Answer
The solutions are $x = \frac{1}{2}$ and $x = 1$.
Work Step by Step
We have a quadratic equation, which is in the form $ax^2 + bx + c = 0$.
To factor the quadratic trinomial, look for the factors of the product $ac$ that when added together equals $b$.
The trinomial has $ac=2(1)=2$ and $b=-3$. The product is positive while the sum is negative. This means that both factors must be negative. Thus, the only possible factors are:
$-2$ and $-1$ (note that the sum is $-3$)

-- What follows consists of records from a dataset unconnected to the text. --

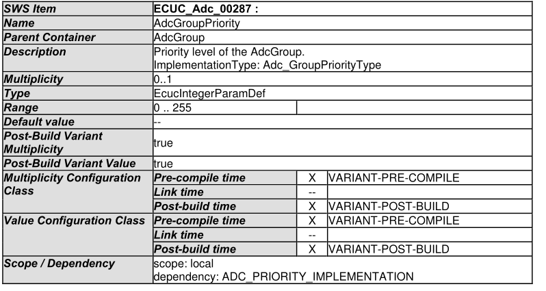 最大值限制为254,因为优先级255被分配给带有HW触发源的Adc channel group。该配置非寄存器实现,应该由软件实现。
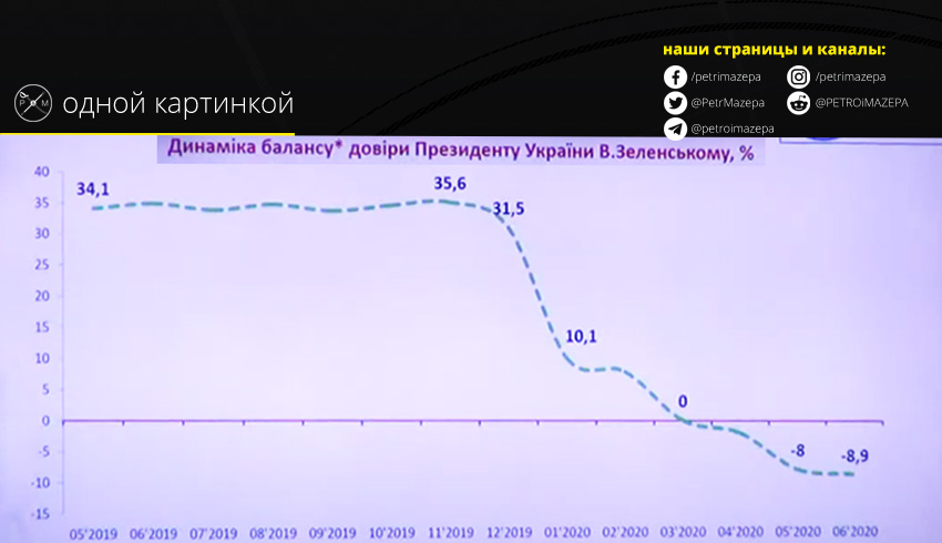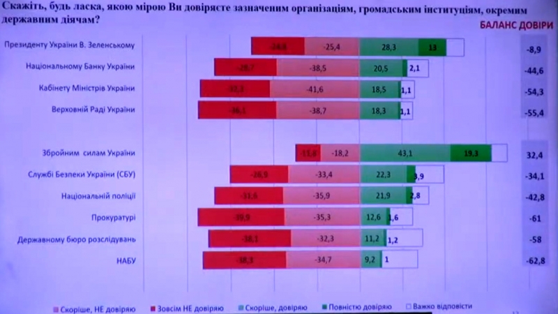 Согласно результатам опроса Украинского института социальных исследований им. А.Яременко баланс доверия у президента Украины Владимира Зеленского за год с позитивного +34,1% опустился до негативного -8,9%. Большая часть госструктур и госорганизаций имеют еще больший кризис доверия со стороны украинцев. В то же время негосударственные объединения зачастую имеют позитивный баланс одобрения.
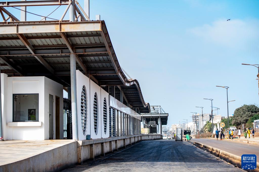這是5月13日在塞內加爾首都達喀爾拍攝的建設中的一座達喀爾快速公交項目的車(chē)站。新華社記者 李亞輝 攝
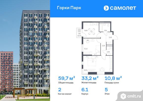 Строим кварталы для жизни с заботой о будущем. Предлагается 2-комнатная квартира комфорт-класса 59,66 кв.м в корпусе 6.1 на 5 этаже, в ЖК «Горки Парк»
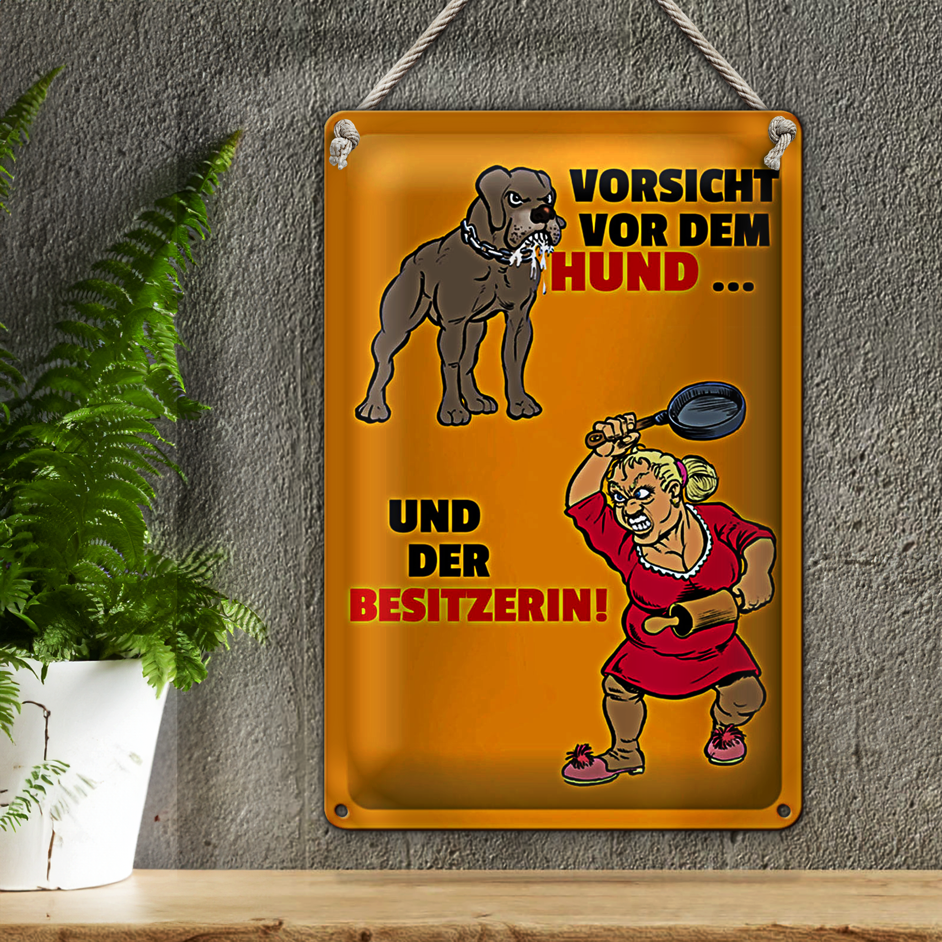 Blechschild Spruch 20x30cm Vorsicht vor Hund und der Besitzerin
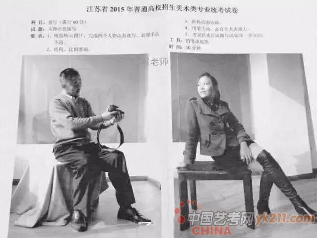 2012年:默写,女青年坐姿,自然刘海,直发马尾辫,免冠,不戴眼镜,身着冬天穿的棉大衣(短款)或羽绒服(短款),牛仔裤,运动鞋,左手扶着膝盖,右手自然放在腿上,左脚在前,只能画正面或斜45度角,不能画背面。(30分钟,8开)
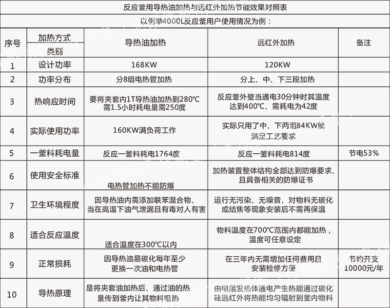 遠紅外電加熱裝置具有加熱面積大,升溫平穩而快,放熱均勻,溫度控制方便,可上、中、下分段控制,釜內釜壁溫度易控制,運行無噪音,無污染,使用壽命長,節能好。加熱器溫度可在常溫到800℃范圍內設定。為滿足用戶需求,將加熱設備又進行改造,使加熱裝置整體達到防爆要求,從而解決了用戶一直擔心且其它加熱方法不能解決的防爆難題。
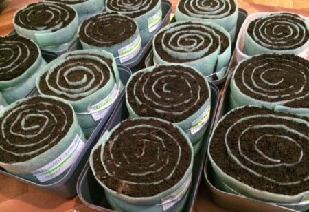 Wanneer alle zaden zijn geplant, blijft het alleen om het overtollige substraat af te snijden en de tape vervolgens in een strakke rol te rollen, die kan worden bevestigd met elastiek of tape.

Rewrite the middle term of the trinomial using $-2$ and $-1$ to obtain:
$$2x^2 - 2x - x + 1 = 0$$
Group the first two terms together and group the last two terms together:
$$(2x^2 - 2x) + (-x - 1) = 0$$
Factor out the GCF in the first group and factor out $-1$ in the second group:
$$2x(x - 1) + (-1)(x - 1) = 0$$
Factor the GCF of the two groups, which is $x-1$:
$$(2x - 1)(x - 1) = 0$$
Solve the equation using the Zero-Product Property by equating each factor to $0$, then solve each equation.
First factor:
$2x - 1 = 0$
$2x = 1$
Divide each side by $2$:
$x = \frac{1}{2}$
Second factor:
$x - 1 = 0$
$x = 1$
The solutions are $x = \frac{1}{2}$ and $x = 1$.